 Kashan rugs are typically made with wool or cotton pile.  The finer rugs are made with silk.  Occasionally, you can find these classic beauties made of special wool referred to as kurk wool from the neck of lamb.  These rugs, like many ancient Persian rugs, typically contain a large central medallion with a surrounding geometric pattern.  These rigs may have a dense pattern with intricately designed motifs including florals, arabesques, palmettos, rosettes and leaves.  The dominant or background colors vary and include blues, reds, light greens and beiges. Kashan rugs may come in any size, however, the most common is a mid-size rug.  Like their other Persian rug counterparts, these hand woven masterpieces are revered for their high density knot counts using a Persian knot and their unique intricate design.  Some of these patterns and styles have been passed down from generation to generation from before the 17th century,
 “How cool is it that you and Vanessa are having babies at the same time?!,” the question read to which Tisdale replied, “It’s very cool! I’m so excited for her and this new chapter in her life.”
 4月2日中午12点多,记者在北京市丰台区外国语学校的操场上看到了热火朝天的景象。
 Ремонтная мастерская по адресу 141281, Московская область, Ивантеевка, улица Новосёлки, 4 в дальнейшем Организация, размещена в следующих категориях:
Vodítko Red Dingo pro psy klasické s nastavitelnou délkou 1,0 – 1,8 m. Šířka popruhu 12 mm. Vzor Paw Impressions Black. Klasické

--

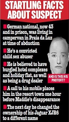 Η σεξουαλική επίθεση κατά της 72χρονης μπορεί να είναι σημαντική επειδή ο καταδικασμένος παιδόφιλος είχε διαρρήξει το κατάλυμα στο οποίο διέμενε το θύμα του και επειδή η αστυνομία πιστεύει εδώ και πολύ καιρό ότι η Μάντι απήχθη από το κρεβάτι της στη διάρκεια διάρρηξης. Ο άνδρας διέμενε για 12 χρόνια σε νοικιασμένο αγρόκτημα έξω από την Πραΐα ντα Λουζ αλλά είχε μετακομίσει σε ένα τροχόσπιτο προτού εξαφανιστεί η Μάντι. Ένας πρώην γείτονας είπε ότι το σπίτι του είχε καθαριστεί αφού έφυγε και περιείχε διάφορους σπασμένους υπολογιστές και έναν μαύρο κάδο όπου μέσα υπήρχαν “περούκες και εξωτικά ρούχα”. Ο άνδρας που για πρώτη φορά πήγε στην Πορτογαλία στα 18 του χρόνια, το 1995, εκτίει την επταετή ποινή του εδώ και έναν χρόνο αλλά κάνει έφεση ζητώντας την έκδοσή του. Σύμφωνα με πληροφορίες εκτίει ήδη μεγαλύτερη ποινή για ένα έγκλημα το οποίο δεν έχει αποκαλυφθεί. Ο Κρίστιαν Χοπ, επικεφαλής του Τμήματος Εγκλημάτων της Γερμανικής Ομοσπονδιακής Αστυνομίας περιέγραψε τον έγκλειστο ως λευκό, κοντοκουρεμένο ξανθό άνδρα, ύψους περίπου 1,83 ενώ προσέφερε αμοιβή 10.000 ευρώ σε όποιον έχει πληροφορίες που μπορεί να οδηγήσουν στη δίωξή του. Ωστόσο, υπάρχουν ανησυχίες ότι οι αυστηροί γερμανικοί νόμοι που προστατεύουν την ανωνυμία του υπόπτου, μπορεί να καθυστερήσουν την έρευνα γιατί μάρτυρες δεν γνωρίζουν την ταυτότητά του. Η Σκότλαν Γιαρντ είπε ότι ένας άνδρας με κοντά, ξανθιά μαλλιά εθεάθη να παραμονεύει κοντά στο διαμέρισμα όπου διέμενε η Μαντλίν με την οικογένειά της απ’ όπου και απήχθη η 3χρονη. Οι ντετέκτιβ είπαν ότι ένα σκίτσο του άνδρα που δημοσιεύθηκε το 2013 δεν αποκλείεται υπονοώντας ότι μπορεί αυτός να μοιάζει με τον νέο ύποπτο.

==

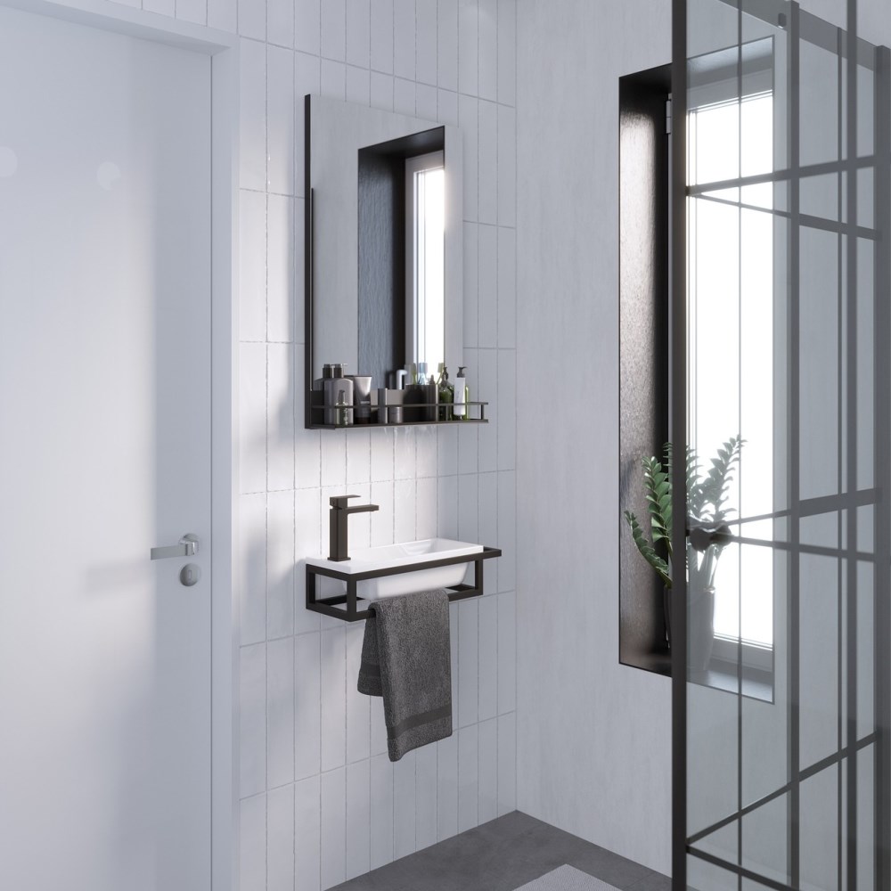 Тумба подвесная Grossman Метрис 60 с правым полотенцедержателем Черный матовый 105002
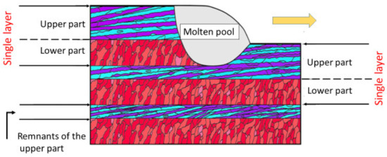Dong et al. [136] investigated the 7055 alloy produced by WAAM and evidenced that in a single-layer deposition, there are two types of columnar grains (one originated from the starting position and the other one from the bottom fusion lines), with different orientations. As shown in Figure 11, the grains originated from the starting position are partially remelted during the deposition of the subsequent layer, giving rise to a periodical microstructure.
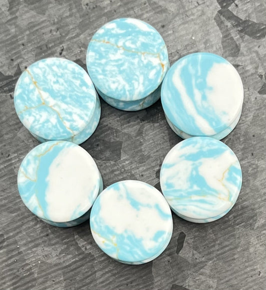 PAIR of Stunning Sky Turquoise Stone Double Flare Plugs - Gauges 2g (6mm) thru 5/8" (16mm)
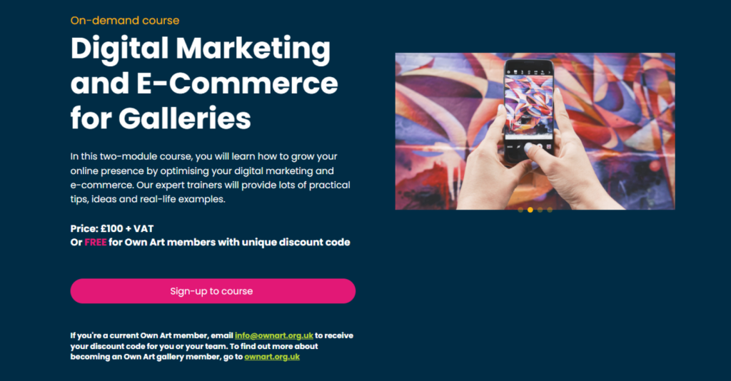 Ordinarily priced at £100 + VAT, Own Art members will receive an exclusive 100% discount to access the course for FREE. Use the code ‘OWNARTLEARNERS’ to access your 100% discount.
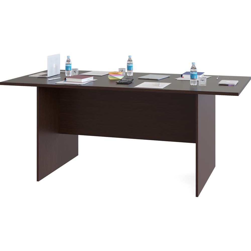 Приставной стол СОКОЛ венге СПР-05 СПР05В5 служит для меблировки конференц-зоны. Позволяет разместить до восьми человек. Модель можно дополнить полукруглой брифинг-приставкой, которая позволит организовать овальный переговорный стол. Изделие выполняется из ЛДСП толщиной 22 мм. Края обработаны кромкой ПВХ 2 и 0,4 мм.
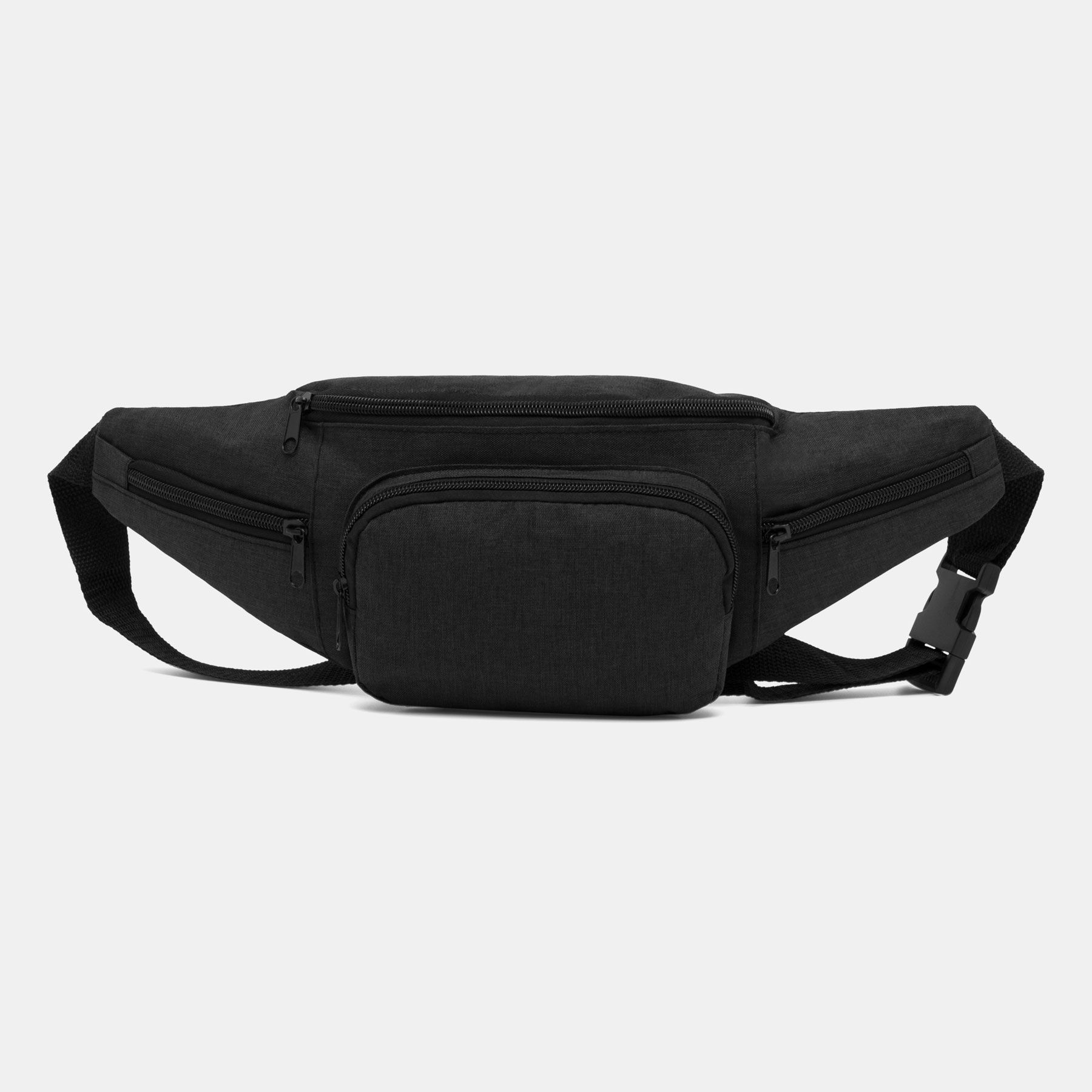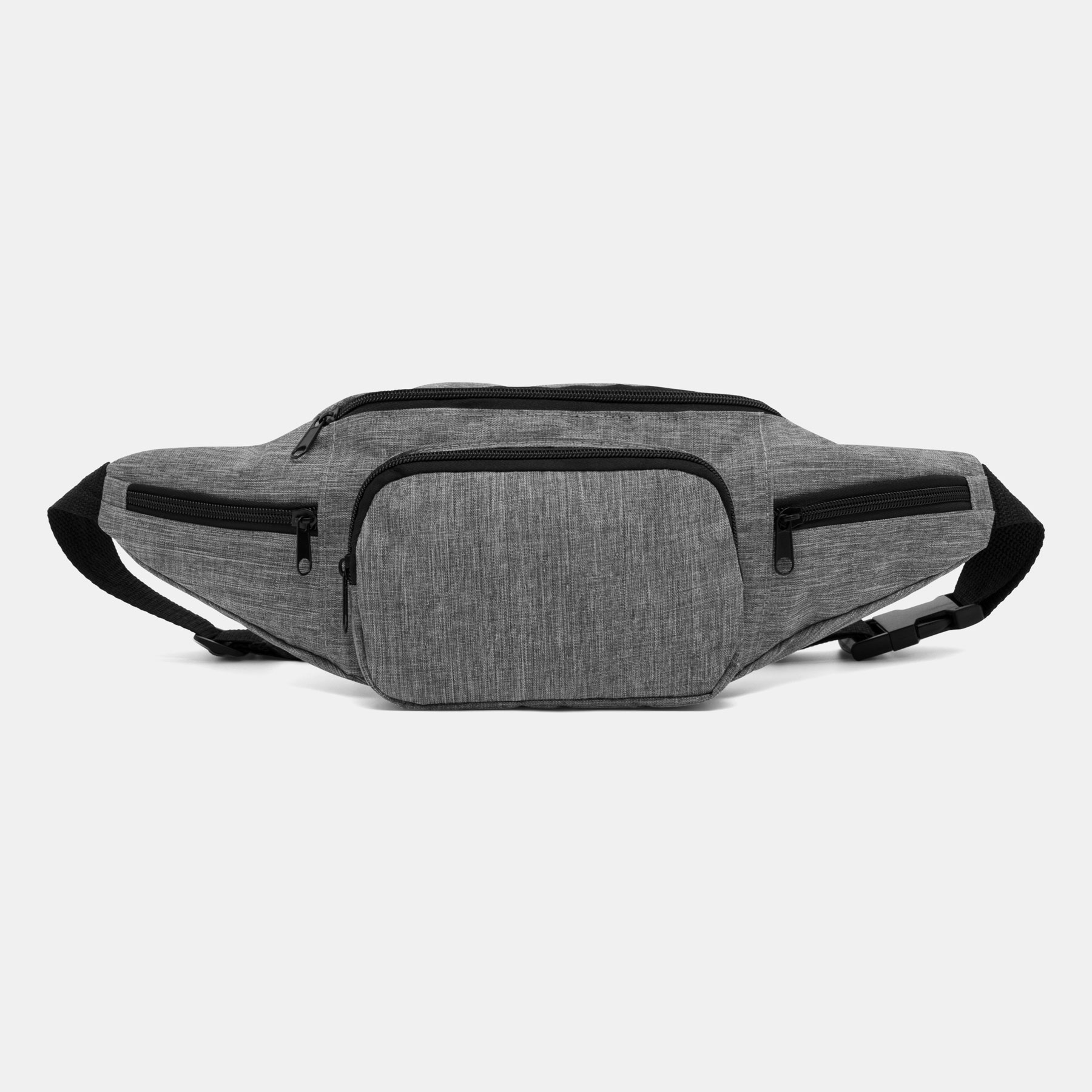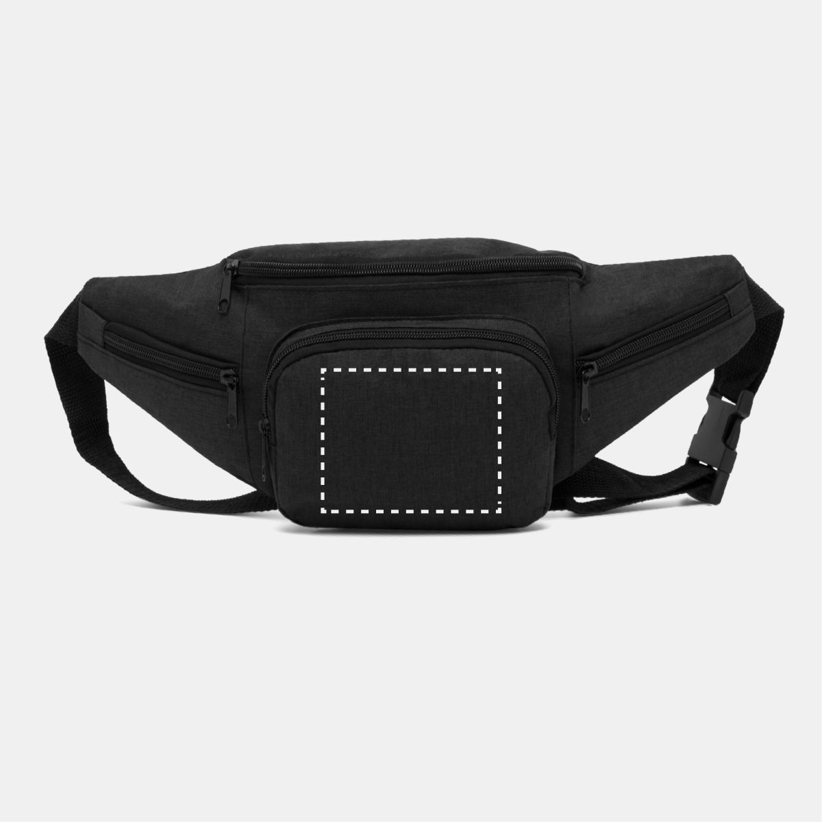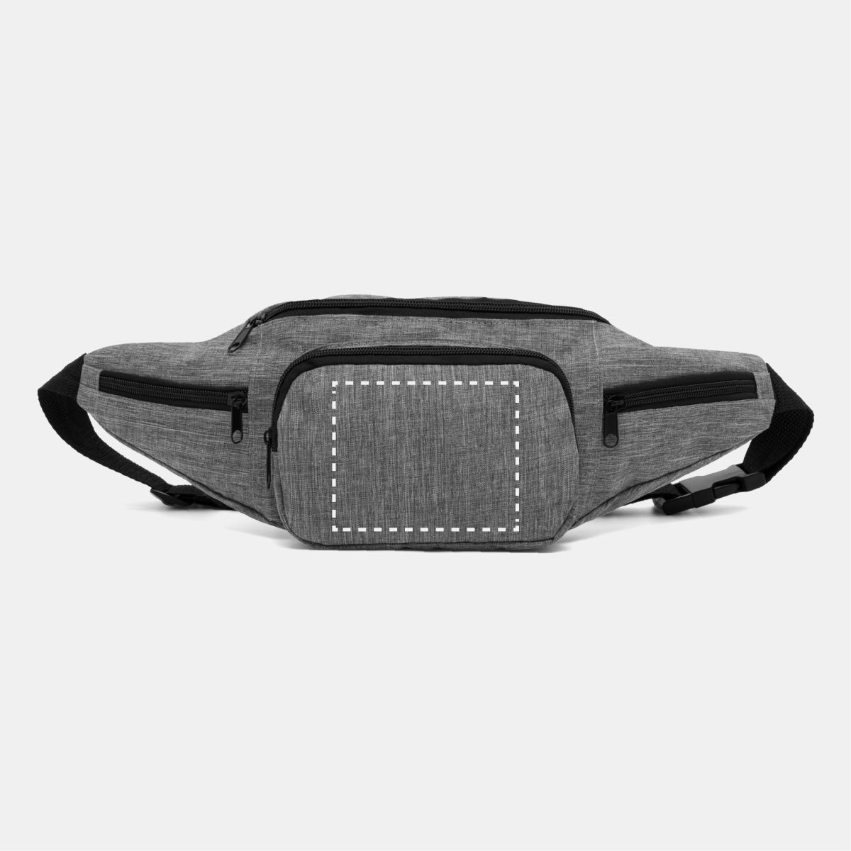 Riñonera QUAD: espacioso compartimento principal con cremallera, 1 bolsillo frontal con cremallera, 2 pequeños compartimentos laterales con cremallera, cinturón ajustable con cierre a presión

WHAT NEEDS TO BE DONE: Going back to the entries above, set down exactly the lines that begin at the one with "4月2日中午12点多,记者在" and end at the one with "Vodítko Red Dingo", both included, and nothing else.

EXERCISE RESULT:
 4月2日中午12点多,记者在北京市丰台区外国语学校的操场上看到了热火朝天的景象。
 Ремонтная мастерская по адресу 141281, Московская область, Ивантеевка, улица Новосёлки, 4 в дальнейшем Организация, размещена в следующих категориях:
Vodítko Red Dingo pro psy klasické s nastavitelnou délkou 1,0 – 1,8 m. Šířka popruhu 12 mm. Vzor Paw Impressions Black. Klasické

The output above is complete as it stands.